While it remains to be seen if 2023 will live up to its ominous press, consumers are “still in decent shape,” Fagan said.

“But baseline, the financial institution doing their part to connect the experience and, at least from a credit union’s perspective, having that financial well-being as part of that connected experience is really timely for what the consumer may go through over the next 12 to 18 months,” he added.

Read more: Credit Union Innovation: The Race to Meet Consumer Demand

Build Your Own Banking

What will become decisive in the coming year is where and when payments options are presented in the commerce flow for an optimal “build your own” experience.

“At least in the credit union segment, they’re pulling together FinTechs and multiple organizations to try and create a seamless experience, incorporating that data throughout that build with these different partners,” he said. “I think it becomes a big piece of the solution if they can do it right.”

PSCU is itself pursuing this kind of multifaceted innovation agenda, building certain solutions in-house and partnering with others for deep digital expertise to create personalized credit union (CU) products and services for a member base with a changing set of expectations.

As a credit union service organization (CUSO), PSCU’s work ends up benefitting its owner CUs and propagating new levels of digital personalization for smaller CUs lacking the resources.

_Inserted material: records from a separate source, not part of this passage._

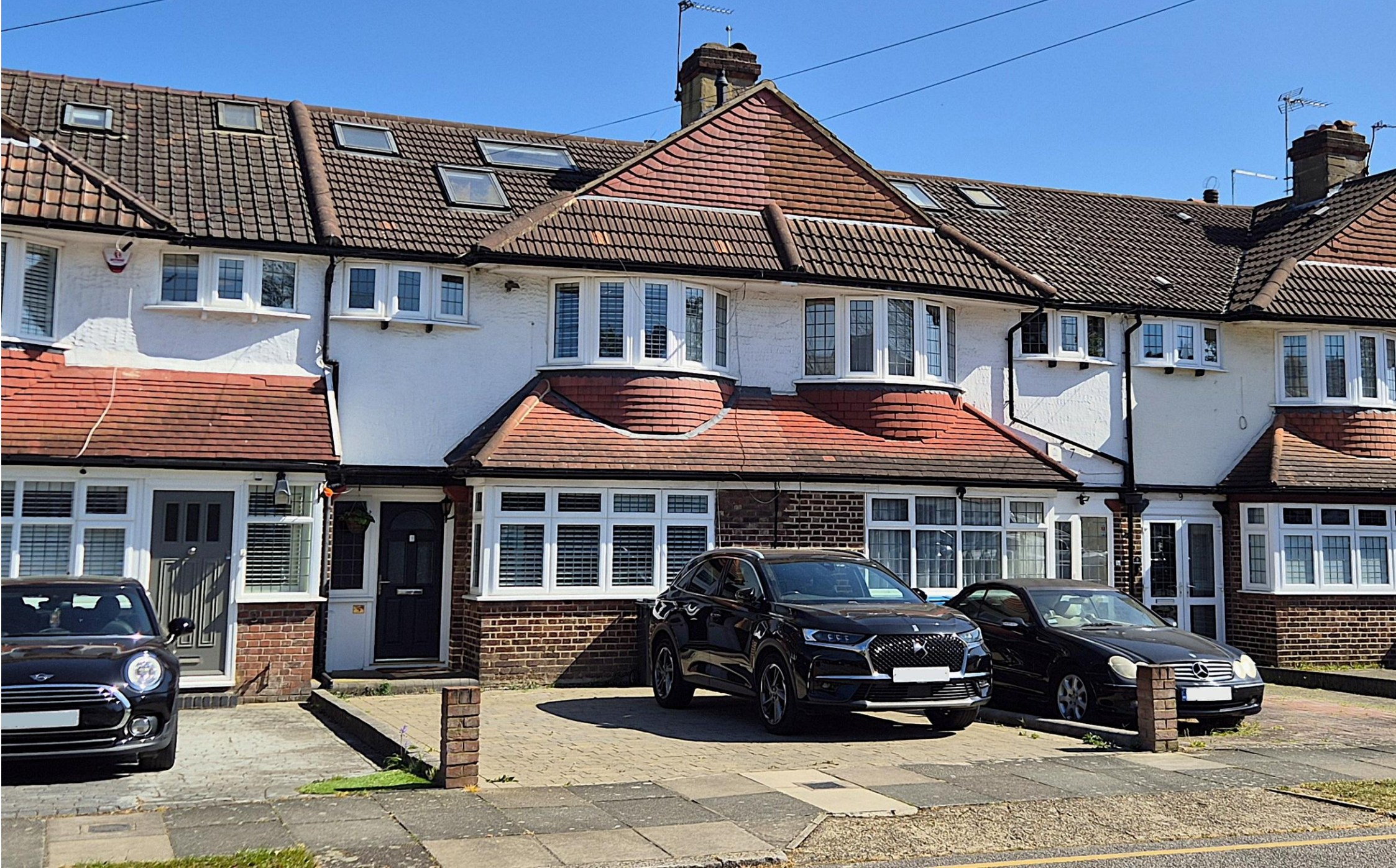
Melbourne Way, Enfield, EN1 1XF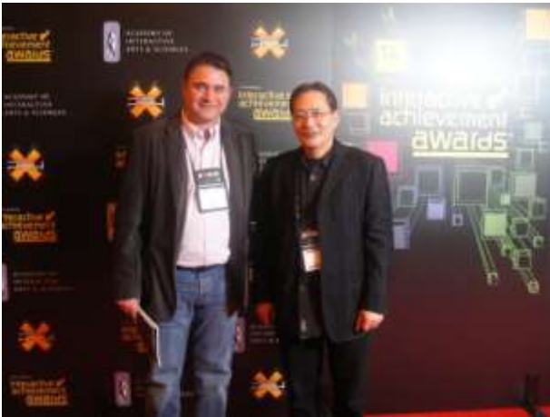
A discussion with the Mexican game developer of KaxanGames for international opportunities with Mexico in interactive game, during the period of the DICE Summit. (February)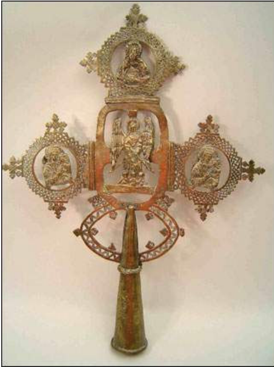
Ethiopian Processional Cross (19 th century) Bronze w/silver 24" x 18"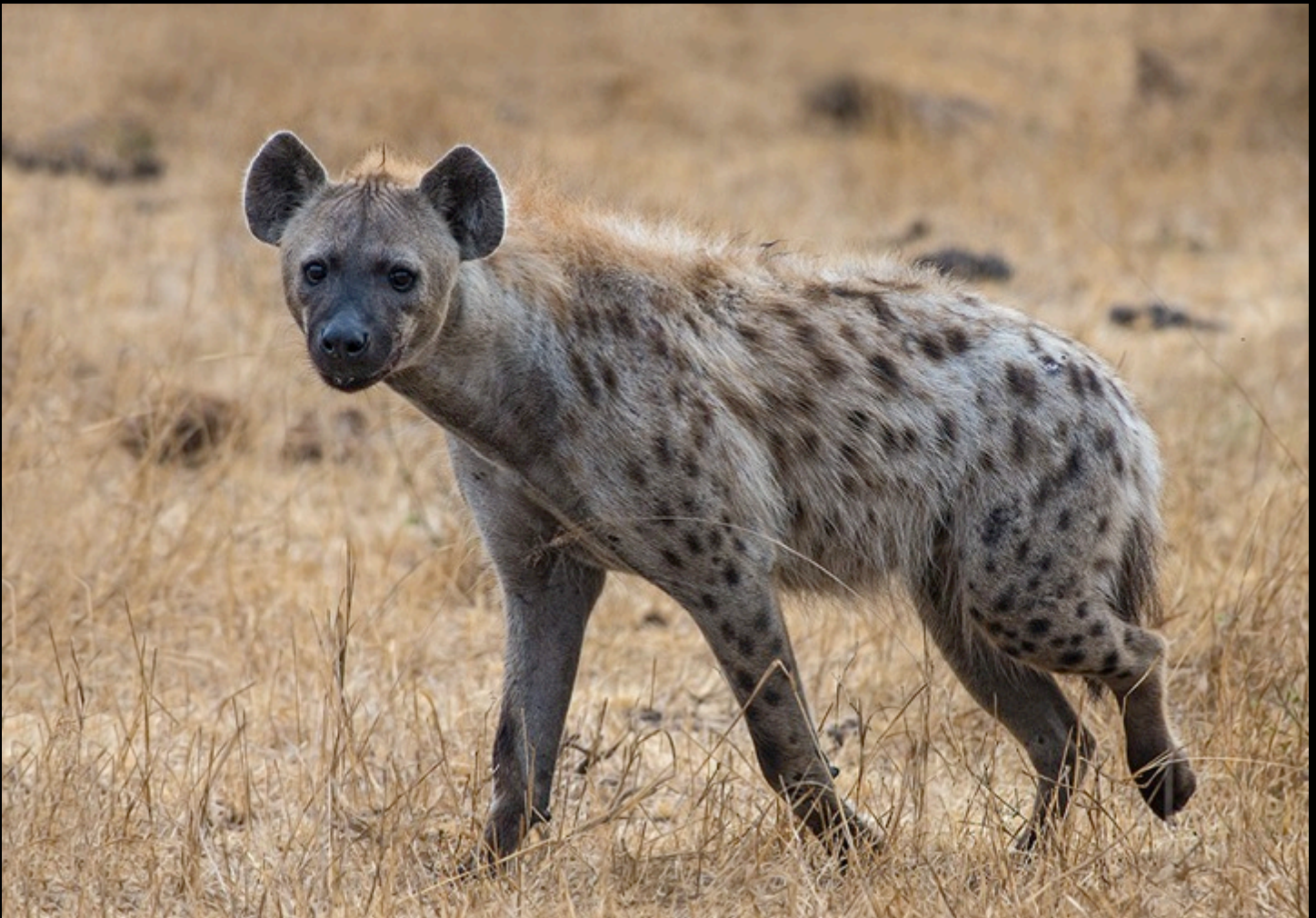
Spotted hyenas are great characters which are always fun to photograph. Ken Behrens.

“Once they get that sequence of players that create the optimal experience, then I think you really can use the data from a call center, the data from branch visits, the data from digital visits, to determine preferences and then build that member experience around what they learn,” he said.

Fagan called this “journey mapping” — a critical element of what FIs more broadly must embrace to deliver the relevant loan or card offer to the ready consumer at the ideal moment.

This is becoming crucial as the Generation Z demographic group ascends to the cohort du jour, and everyone from merchants to banks to CUs learns how to serve younger borrowers or cardholders who have behaviors that differ greatly from their older millennial siblings.

Noting that Gen Z defines loyalty and community differently than any group before, Fagan said “if they’re not getting the personalization they’re looking for, they’re not hesitant to bank with a Facebook [or other entity] who you or I probably wouldn’t trust. That’s just what they’re into.”

See more: Holiday Spending a Focus of New PSCU Payments Index Report

Tough Times Make Strong Companies

There’s no escaping the fact that 2023 will be a year of challenges, and CUs that have mastered the digital shift now have to manage for a year that is likely to be economically intense.

Saying that lending and mortgage refinance has been particularly strong in the past few years, Fagan is cautioning CUs to batten down for a potential storm in credit markets.

“Credit unions have been able to ride the lending wave while rates were so low, but they’re going to have to look to other means,” he said. “One of those things: Be on top of delinquencies. It’s my hope we don’t see that drastically go up, but that’s one of the likely outcomes” of a recession.

Even so, he also warned about the dangers of doing nothing if the economy tanks. From such times has come huge growth historically, and CUs must position for that as well.

“Don’t look to pull back, look to accelerate. Take the opportunity to enhance what are very antiquated lending practices. Let’s get into using data to make some of those informed decisions,” he said, adding, “I would say look at it as a year that could transition us into that true future of connected experiences” to lock in loyalty from consumers by using data and innovation.

“You get strong companies that come out of difficult times, and credit unions are well positioned to do that,” he said.